KVM Selinux error On fedora

If i set SELINUX in permissive mode and then try to create vm with storage location ntfs parttion also then kvm didn’t giving this :point_down: :point_down:error or any other error…now job done.

Unable to complete install: 'internal error: process exited while connecting to monitor: 2022-01-17T11:41:25.919215Z qemu-system-x86_64: -blockdev {"driver":"file","filename":"/hdd1/VM_Storage/rhel7.0.qcow2","node-name":"libvirt-2-storage","auto-read-only":true,"discard":"unmap"}: Could not open '/hdd1/VM_Storage/rhel7.0.qcow2': Permission denied'

Traceback (most recent call last):
  File "/usr/share/virt-manager/virtManager/asyncjob.py", line 65, in cb_wrapper
    callback(asyncjob, *args, **kwargs)
  File "/usr/share/virt-manager/virtManager/createvm.py", line 2001, in _do_async_install
    installer.start_install(guest, meter=meter)
  File "/usr/share/virt-manager/virtinst/install/installer.py", line 701, in start_install
    domain = self._create_guest(
  File "/usr/share/virt-manager/virtinst/install/installer.py", line 649, in _create_guest
    domain = self.conn.createXML(install_xml or final_xml, 0)
  File "/usr/lib64/python3.10/site-packages/libvirt.py", line 4393, in createXML
    raise libvirtError('virDomainCreateXML() failed')
libvirt.libvirtError: internal error: process exited while connecting to monitor: 2022-01-17T11:41:25.919215Z qemu-system-x86_64: -blockdev {"driver":"file","filename":"/hdd1/VM_Storage/rhel7.0.qcow2","node-name":"libvirt-2-storage","auto-read-only":true,"discard":"unmap"}: Could not open '/hdd1/VM_Storage/rhel7.0.qcow2': Permission denied

But my problem is i can’t put selinux always in permissive mode
So i want to change the context of vm storage location to virt_image_t

But the serious problem starts now.
when i am going to change the context of storage location to virt_image_t
but it doesn’t changing after applying this commands also…

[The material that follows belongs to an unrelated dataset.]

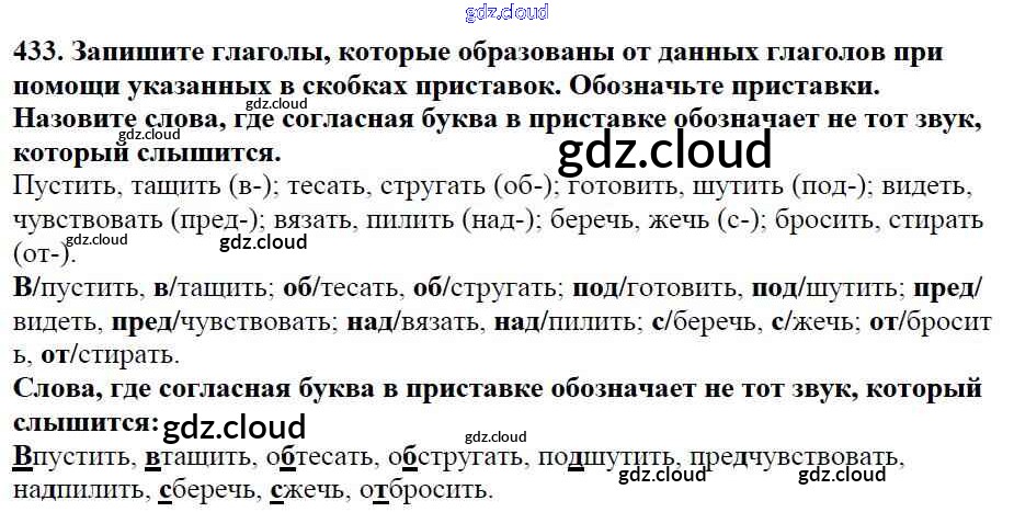 Ответ на задание 433 Учебник Русский язык за 5 (пятый) класс Баранов, Ладыженская, Тростенцова, Кулибаба, Григорян 2016, 2019 Часть 1, 2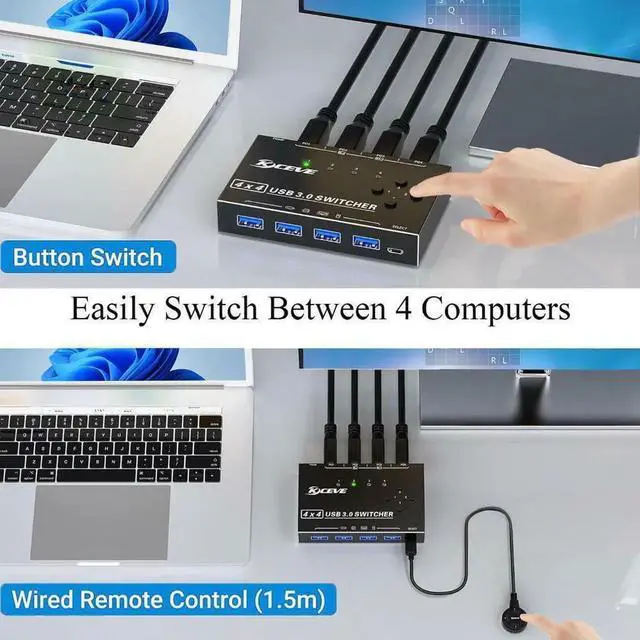 [2 Switching Methods]The USB switch selector supports both button and remote control switching: Press the top button on the USB 3.0 switch for direct, quick toggling. Hide the switcher and use the wireless remote (included) to switchkeeping your desktop neat and clutter-free, with no messy exposed cables.LED light on the USB 3.0 switch will indicates the active computer. Choose the mode that suits you best.

sudo semanage fcontext -a -t virt_image_t "/path/path(/.*)?"
sudo restorecon -Rv /path/path

Now what…???

If the filesystem doesn’t support selinux attributes, you should still be able to set them on the mount point. I think it would be something like the following in your fstab (just a guess).

/dev/hdd1 /hdd1 ntfs defaults,context=system_u:object_r:virt_image_t:s0,nofail 0 0

if you run a ausearch -m avc -ts recent | audit2why should give you an idea of whats going on. once you know whats going on you can manually go and fix the issue or create a policy that will allow what you need.